Orb - Chemical Shift Prediction (Version 1.0)

Purpose: Orb is a Tcl program which predicts chemical shifts for a given sequence based on statistical analysis and/or previously assigned shifts of homologous sequences.

  1. Introduction

  2. Preparations

  3. Running the program


Overview

A good prediction of the chemical shifts for a sequence can be an invaluable aid in the NMR assignment process. Many times researchers already have shifts from homologous sequences and want to effectively use this information. Even without homologous sequence shifts a researcher may feel a prediction based on statistical analysis is rough but useful starting point.

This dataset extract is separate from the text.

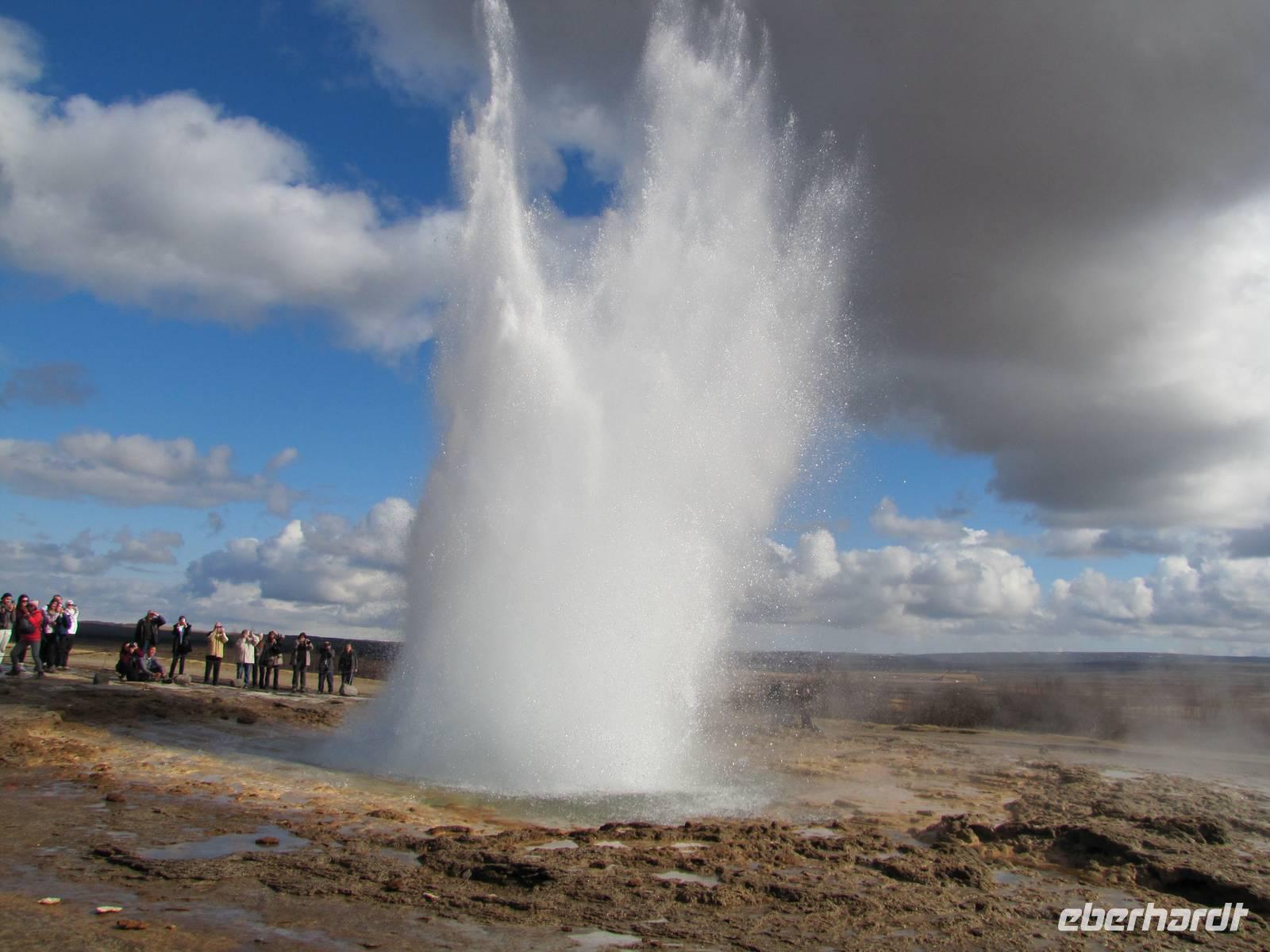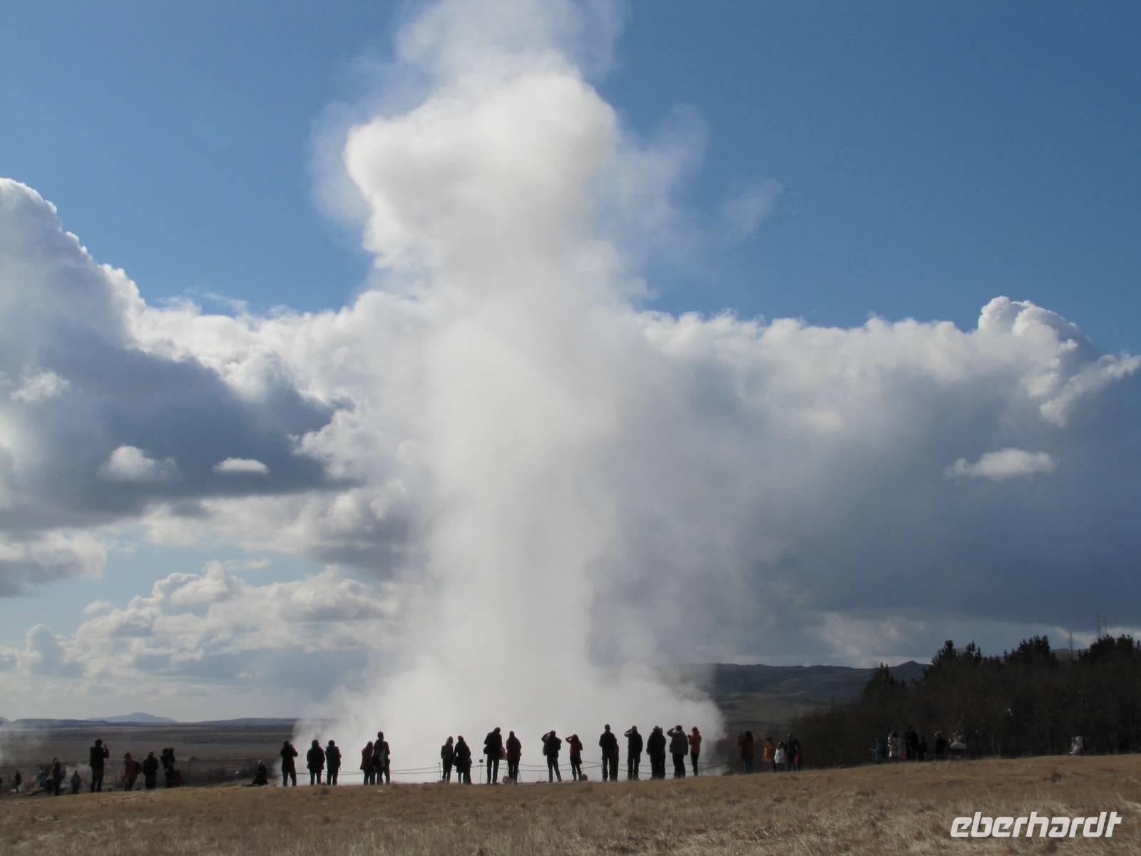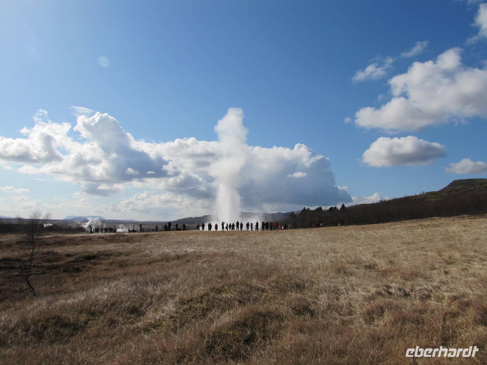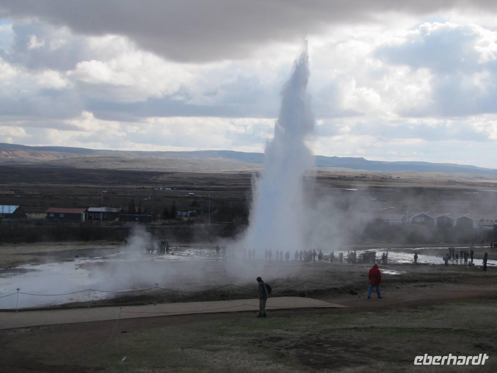An unserem vorletzten Tag ging es als erstes in den Thingvellir Nationalpark. Dort konnten wir bei einem ersten Fotostopp auf die Amerikanische und Eurasische Platte schauen. Dazwischen lag das „Niemandsland" mit tollen Seen und kleinen Flüssen. Das Wetter erreichte an diesem Tag seinen Höhepunkt, Sonne und blauer Himmel soweit das Auge reichte. Auf Island muss im Frühling keiner frieren! ;) Weiter ging es zum Gullfoss, zu Deutsch Goldener Wasserfall. Dort stürzten sich die Wassermassen über zwei Kaskaden hinab in die Tiefe. Es war ein imposanter Anblick! Nach einer einstündigen Mittagspause fuhren wir weiter zum nächsten großen Highlight unserer Reise, den größten und vielleicht schönsten Geysiren der Welt. Aller 5min. schoss eine gigantische Wasserfontäne mit heißem Wasser aus der Erde ca. 25 Meter in die Höhe. Wir staunten und versuchten tolle Fotos im richtigen Moment zu machen. Auch hier konnten wir in Ruhe eine Stunde lang das Schauspiel bestaunen. Zurück im Hotel erwartete und am Abend wieder ein tolles 3 Gänge Menü. Zum Abschluss gab es noch ein kleines Quiz bevor wir uns noch einmal auf den Weg zur Nordlichtbeobachtung machten. Wir fuhren alle zusammen mit dem Reisebus ca. 40min. in Richtung Keflavik und versuchten ein paar Nordlichter zu erhaschen. Einige male hatten wir kurz die Gelegenheit ein paar grüne Lichter zu erblicken. Leider immer nur sehr kurz. Dafür gab es zwischendurch etwas Brennivin Schnaps (Schwarzer Tod) zum wach bleiben und typisch isländischen Trockenfisch zum probieren. Bevor wir die Rückreise zum Hotel antraten verabschiedeten wir uns von Rosa und bedankten uns für die schönen Tage mit Ihr auf Island. Gegen 1.30Uhr erreichten wir wieder das Hotel.

The user puts all the homologus sequences into the xalign program to generate a sequence alignment file. The user then starts the orb program entering the sequence alignment file and the name of the directory containing the pertinent chemical shift files. The user selects the sequence to predict and selects from a group of options on the manner of the prediction. When the user hits the execute button, a prediction shift file (among others) is produced and user views the output by selecting the "Display Results" button.


Main Screen Snapshot

Authors

Authors: Wolfram Gronwald, Robert Boyko, Tim Jellard, David Wishart, Frank Soennichsen, Brian Sykes

Funding for this project has been provided by the Medical Research Council of Canada and the Protein Engineering Networks of Centres of Excellence (Canada).


Installation

Executable versions of this program for suns or sgis are freely available at our ftp site. First you will need to download the software from our website:

Even though orb is a standalone program, we strongly recommend getting any optional software as outlined on the download page. Once you have downloaded the software, you then proceed by uncompressing and untarring the files:

	uncompress myfile.tar.Z
	tar xvf myfile.tar

You should then take a look at the README file to understand what files are being installed and the installation options you have. After this, type "Install" to put the files in the appropriate places.

The current version of this software comes with an expiry date. If your software has expired, check out the website above for further instructions or new versions.


Preparing Data Files

Although orb is a fairly easy program to use, there is a fair amount of work in data preparation. Please carefully follow the instructions below.

Do the following if you do NOT have any shift data from homologous sequences.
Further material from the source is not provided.